Carroll joined NLP in late 2007 as one of its first two board members and was elected board chair on Jan. 1, 2011. He skillfully, tirelessly and selflessly led the board and NLP through a period of dramatic success and growth before stepping down on Dec. 31, 2014.
“For me, being chair has been an education and a privilege,” Carroll said. “We’ve demonstrated the value of news literacy and the ways it can be taught. Having done so on a retail basis, we’re going to make the training available digitally at no cost to any school that asks for it.
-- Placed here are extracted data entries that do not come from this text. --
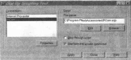 Наиболее известными Script-языками являются SALT (Quick Link II Fax), SALT II (WinTelix), Aspect (Procomm Plus), SLIQ (QmodemPro for Windows'95) и др. В качестве простого примера использоватгя Script-команд рассмотрим применение свободно распространяемой утилиты Dial-Up Scripting Tool, предназначенной для автоматизации сетевых соединений (Dial-Up ) в среде Widows'95.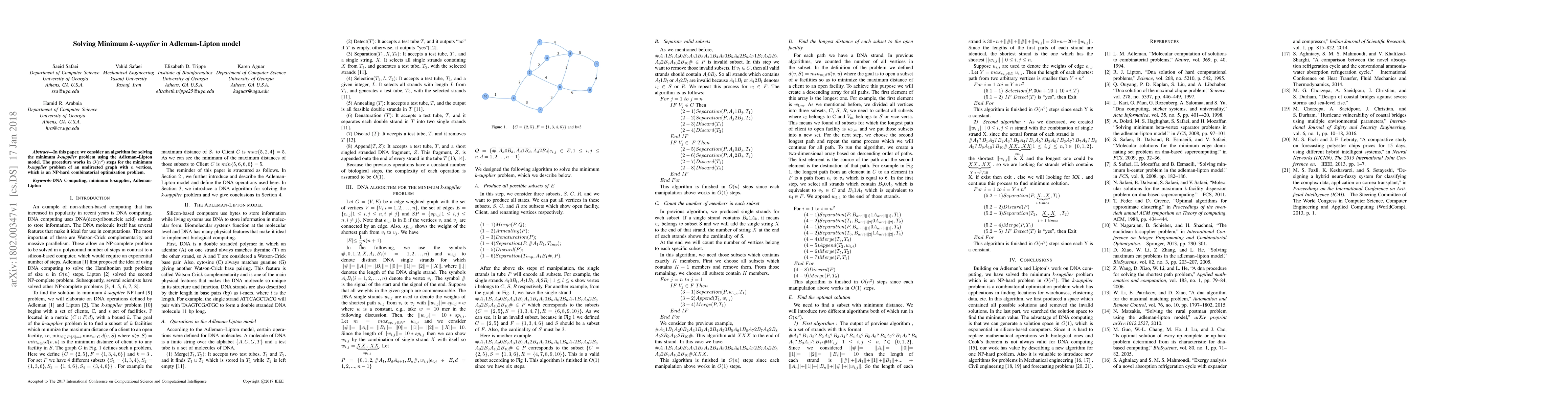 This paper proposes an algorithm to solve the minimum k-supplier problem using the Adleman-Lipton model, achieving polynomial-time complexity for an NP-hard combinatorial optimization problem on an undirected graph with n vertices.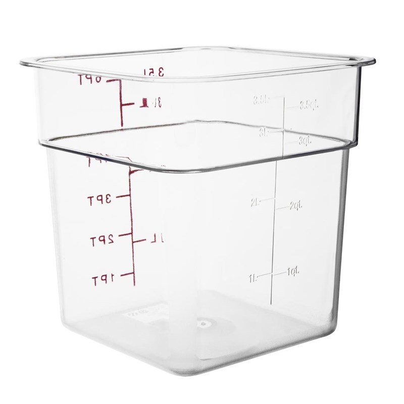 Deze ruimtebesparende, transparante polycarbonaat voedseldozen zijn bestand tegen breuk en nesten in elkaar, waardoor ze minder ruimte innemen. De dozen hebben een inhoud van 3,5L en kunnen gecombineerd worden met luchtdichte kleurcode deksels (apart verkrijgbaar). Met getextureerde bodem om schuiven tegen te gaan en een maatverdeling. Vaatwasser-, vriezer- en magnetronbestendig en bestand tegen temperaturen van -40°C tot +100°C.

If we’re successful — and I’m confident that we will be — we stand to reach hundreds of thousands, and perhaps millions, of young people with training that will be good both for them and for society.”
He remained a member of NLP’s board until his death.
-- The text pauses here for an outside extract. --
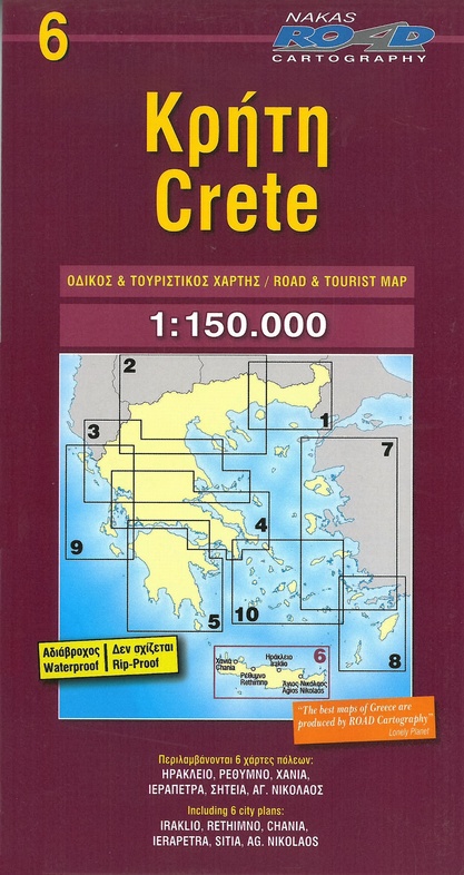 Met vier stadsplattegronden. Iraklio, Agh Nikolaos, Rethymno, Hania

Gwen Ifill, co-anchor and co-managing editor of PBS NewsHour, host of Washington Week and a member of NLP’s board since 2011, said at Carroll’s final meeting in December, “We would not have launched this successful project without the credibility that the name ‘John Carroll’ brings to the business. We couldn’t even have dreamt of being in this position.”
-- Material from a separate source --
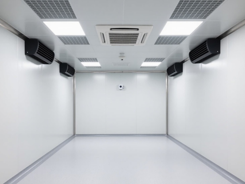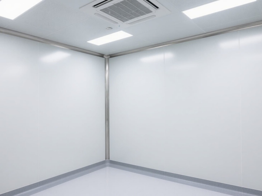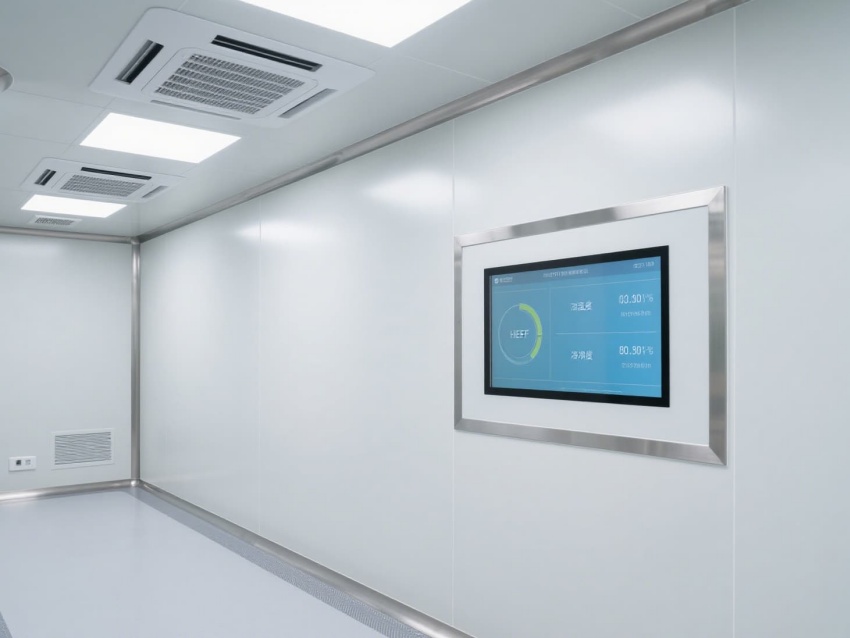 車間以白色抗菌彩鋼板為主體建材,搭配淺灰防靜電地坪,墻面與地面的圓弧過渡設(shè)計消除衛(wèi)生死角,便于徹底清潔消毒。頂部嵌入式高效送風(fēng)口形成垂直層流,配合側(cè)下回風(fēng)系統(tǒng),實現(xiàn)每小時15-25次的空氣置換,持續(xù)維持潔凈正壓。?

Miller, who as an investigative reporter at the Los Angeles Times worked closely with Carroll — and won a Pulitzer Prize— before recruiting him to the NLP board, called him “a role model, a mentor, a remarkable friend and one of the finest human beings I’ve ever known. The example John set and the lessons he taught us will live on with scores of journalists and friends and former colleagues.”
In fact, the editors of The New York Times, the Los Angeles Times and The Philadelphia Inquirer and the managing editor of the Houston Chronicle all worked for Carroll at some point in their careers.
Vernon Loeb, the Chronicle’s managing editor, said, “We must carry on in his memory, and with his inspiration. I’ll never forget his counsel: ‘Write about life and death.’ Or the great line in his [National Press Foundation] Editor of the Year acceptance speech: ‘In a free society, there is no mightier sword than the written word.’”
Lee Carroll has asked that in lieu of flowers, that donations be made to either NLP or the John S. Carroll Endowed Scholarship at Alice Lloyd College in Pippa Passes, Kentucky.
All proceeds to NLP will go to the John S. Carroll Memorial Fund, which will support underserved high school students enrolled in the project’s programs.